/* Code Musings */

The Customer is Sometimes Right

Time comes, in a man’s life, when he must settle down and play a bit of video games. In my case, the game is Diablo III. I pre-ordered the game nearly two years ago, when it was fist announced. It was thrilling to do so because it has been twelve years since the previous Diablo game hit the shelves, and it was worth the wait. The graphics are nice, the story line is epic, and the gameplay is just as fun as the originals.

Blizzard, the maker of the game, did their research and asked the fans of Diablo II what they liked about the game and what they would change. They crunched numbers and cataloged their demands and determined what players were doing online and how the economy worked. Years went by and they finally came up with features worthy of Diablo III.

The die-hard players of Diablo II wanted a system to manage the economy. A centralized place of trade.
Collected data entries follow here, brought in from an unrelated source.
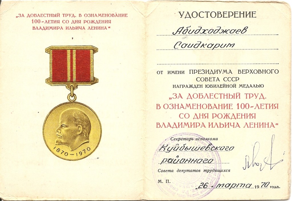 W tym samym 1970 roku otrzymał także medal za wybitną pracę na rocznicę stulecia urodzin Władimira Ilicza Lenina. Dokument wystawiony został przez Kujbyszewską Rajonową Radę Delegatów Robotniczych, co może wskazywać na kolejną przeprowadzkę.
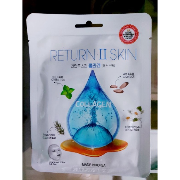 RETURN II SKIN MASK KOREA - MASKER WAJAH (ALOE VERA, POMEGRANATE, COLLAGEN)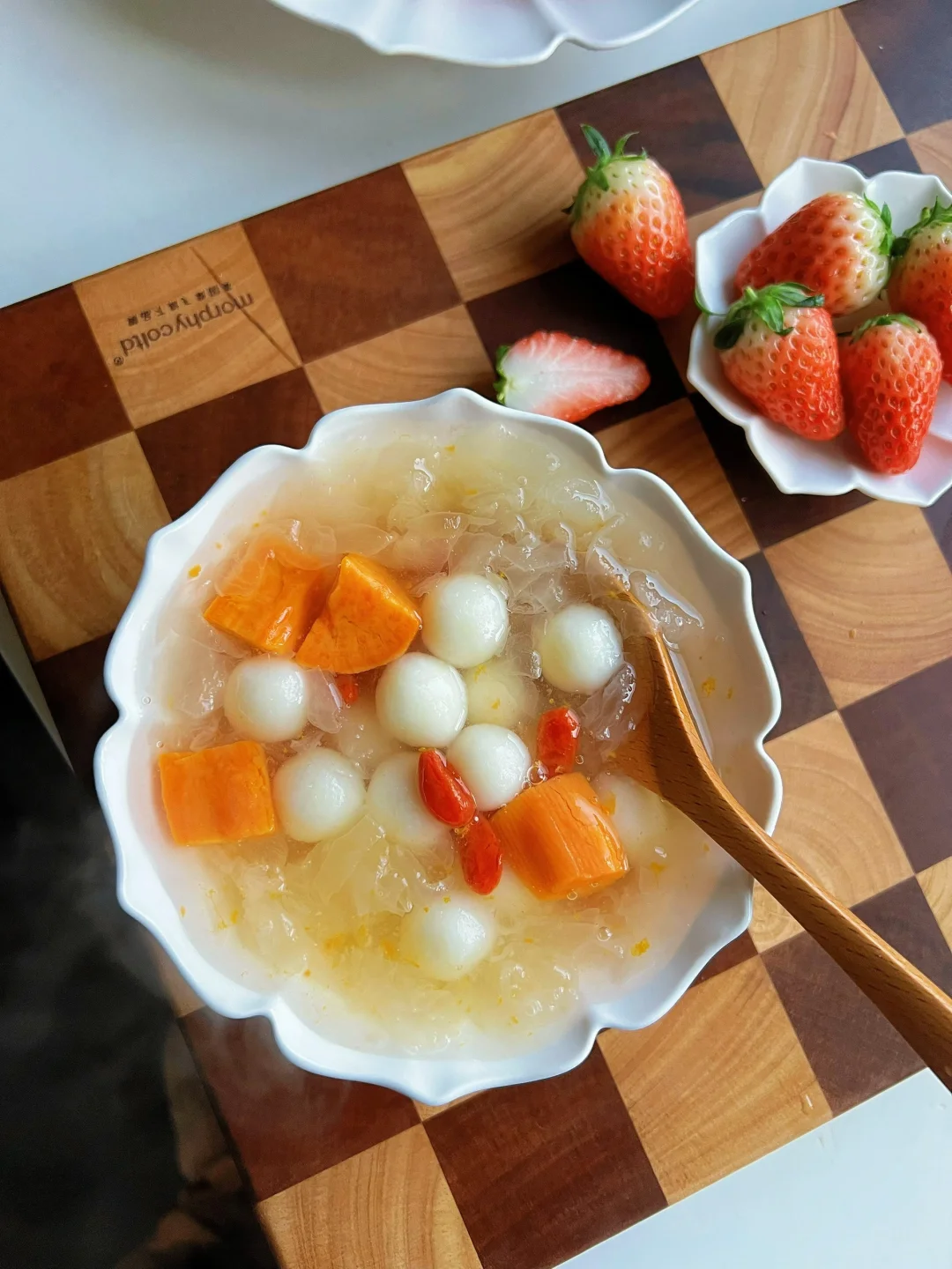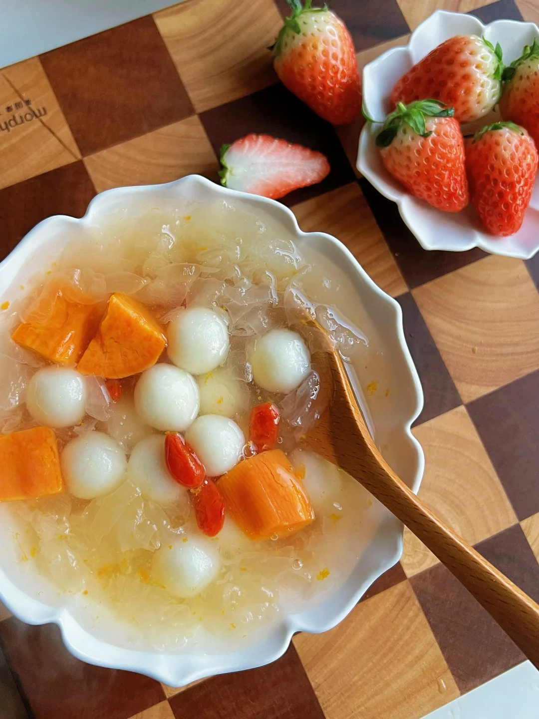 2️⃣银耳红薯汤加入枸杞,搅拌一下,盛碗里,加入小圆子即可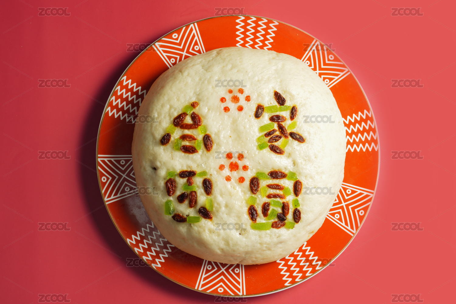 一個(gè)團(tuán)圓餅放在紅色的盤子里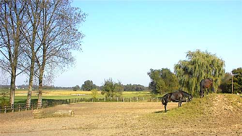 ![]() Der Reitplatz befindet sich hinter dem Haus. Hier befinden sich einige natürliche Hindernisse und ein abgegrenzter Dressur-Paddock. |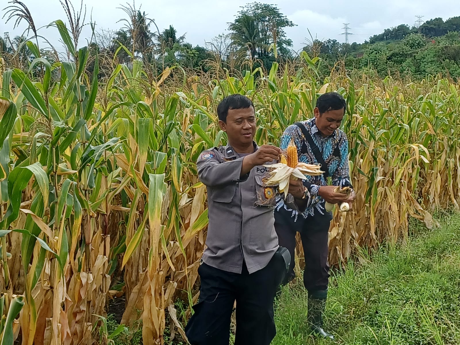 Cilegon - Polsek Ciwandan Polres Cilegon Polda Banten mendukung kegiatan panen jagung Hibrida hasil penanaman Poktan Blumbang Tani di Kelurahan Tegal Ratu, Kecamatan Ciwandan, Kota Cilegon, Kamis (13/11/2025)
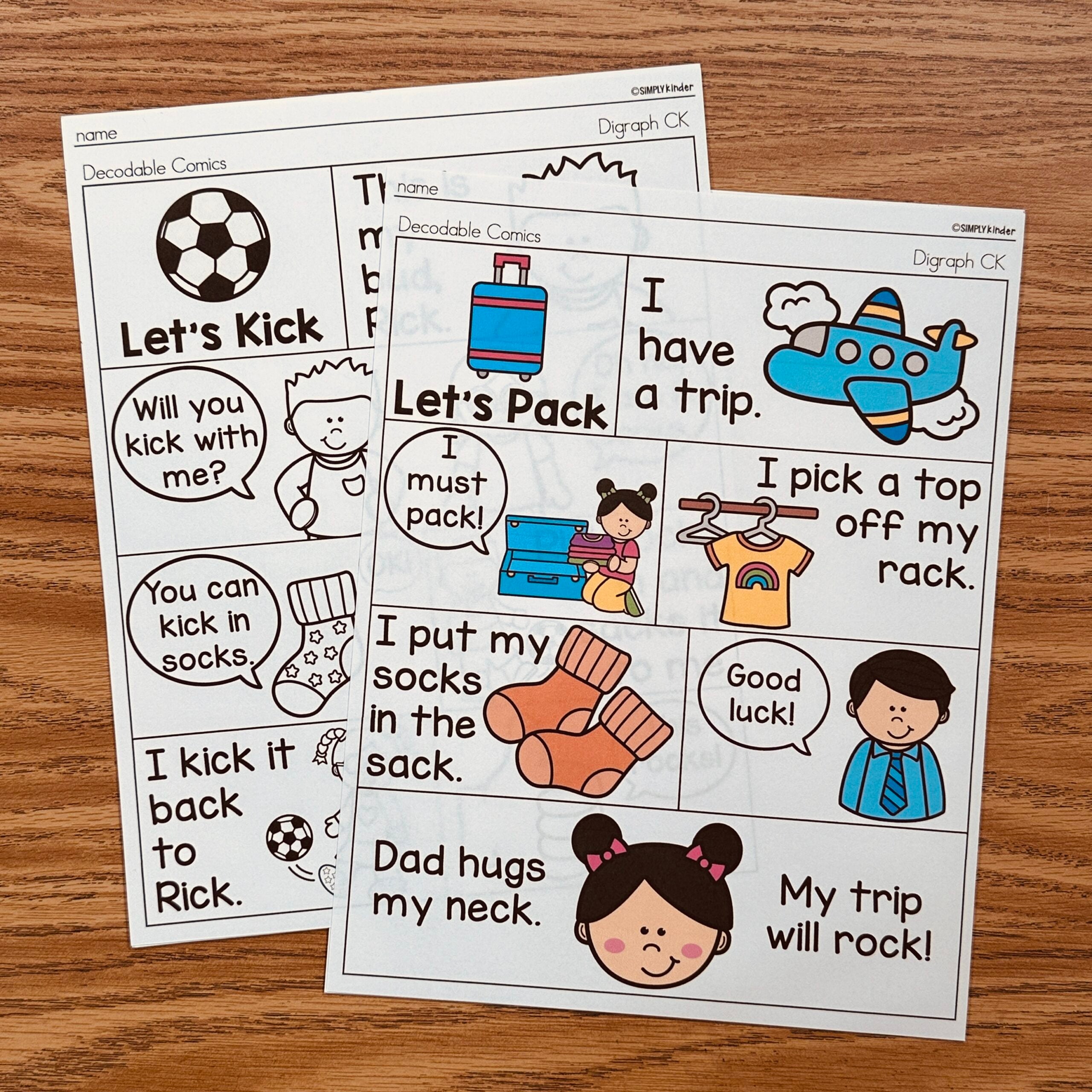 This set includes the comics in color, black and white, and a matching comprehension practice page appropriate for kindergarten and first grade. This set is for digraph CK.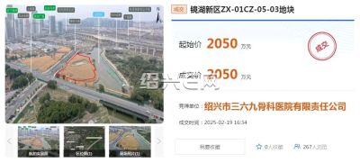 2月18日,镜湖新区ZX-01CZ-05-03地块成功出让,由绍兴市三六九骨科医院有限责任公司拍得该地块。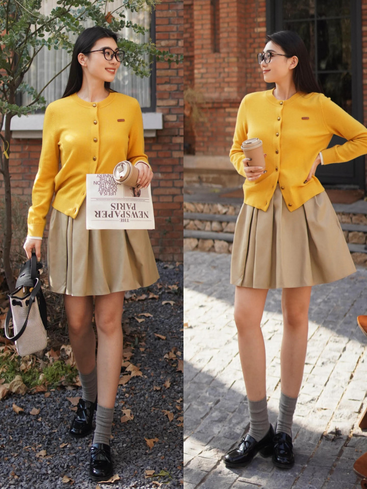Tips③:鹅黄色开衫+卡其色压褶短裙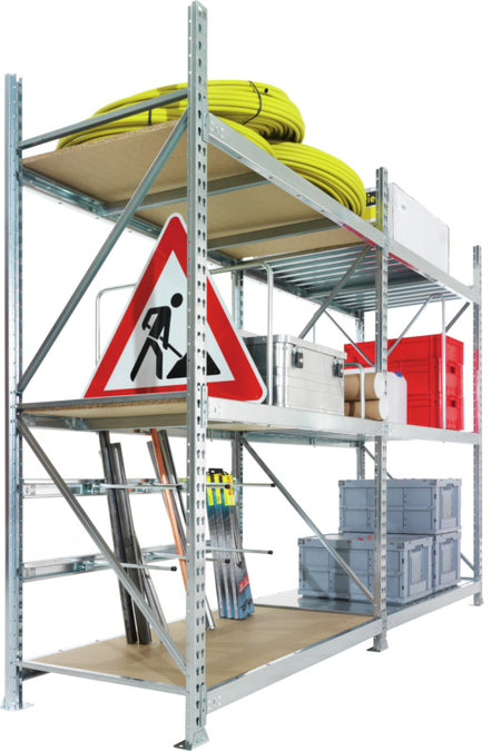 Regály s velkým odstupem rámů nabízejí velký úložný prostor pro objemné díly a obzvláště velké nebo těžké předměty.

In previous installments of the game, characters became absurdly rich with gold from selling newly found loot. It was a useless currency because it only paid for repairs of damaged gear. Vendors offered gear and items but of little value or quality.

Stones of Jordan (a ring of rarity) became the new currency, as well as hard-to-find set items. The exchange itself was rather clunky, forcing players to broadcast their trade in chat, then join privately hosted games for the exchange. Players complained and Blizzard listened.

Now comes Diablo III, with its new (and buggy) auction house, a concept that was borrowed from World of Warcraft (and probably other games before it). Players can buy and sell items of great value, min-maxing their characters performance on the battlefield. I took advantage of this, quite frequently, to transform my Barbarian into a juggernaut of the battlefield. It became too easy.

But was this a smart move on Blizzard’s part? Should they have implemented such a feature?

I’ve discussed this with several of my friends and we are in agreement that it crippled the itemization that made this game unique. The fact that you could buy an item off the auction house, for very little gold, made nearly all items dropped by enemies inferior.

The so-called “white items”, items that have no special power or magical content, have become useless. These items are avoided and not worth the space they took up in your inventory. The “blue items”, items with some magical power and slightly more worth, are primarily sought as vendor trash – items only used to sell. Rarely are they used as gear upgrades. The “gold items”, are rare, but plentiful on the auction house. An oxymoron, if you ask me. Lastly, “legendary items” are the pinnacle of uniqueness, yet thousands of them litter the auction house.

Gold is finally useful, as it can buy items from the auction house. Due to the over-saturation of rare items on the auction house, a few thousand gold can buy items of great power. Furthermore, live currency will be used to purchase gold (at an estimated rate of $10 for 1 million gold pieces) in the future, further inflating prices.

Eventually the prices of items will stabilize and gold, again, will be inflated; rare items will be common. I believe that introducing an auction house was a poor idea which detracted from the original flavour of the game. Gone are the days of buying a good weapon from Griswald the Blacksmith or looting your enemies for good gear. With the auction house, why bother picking up most of the items that you find.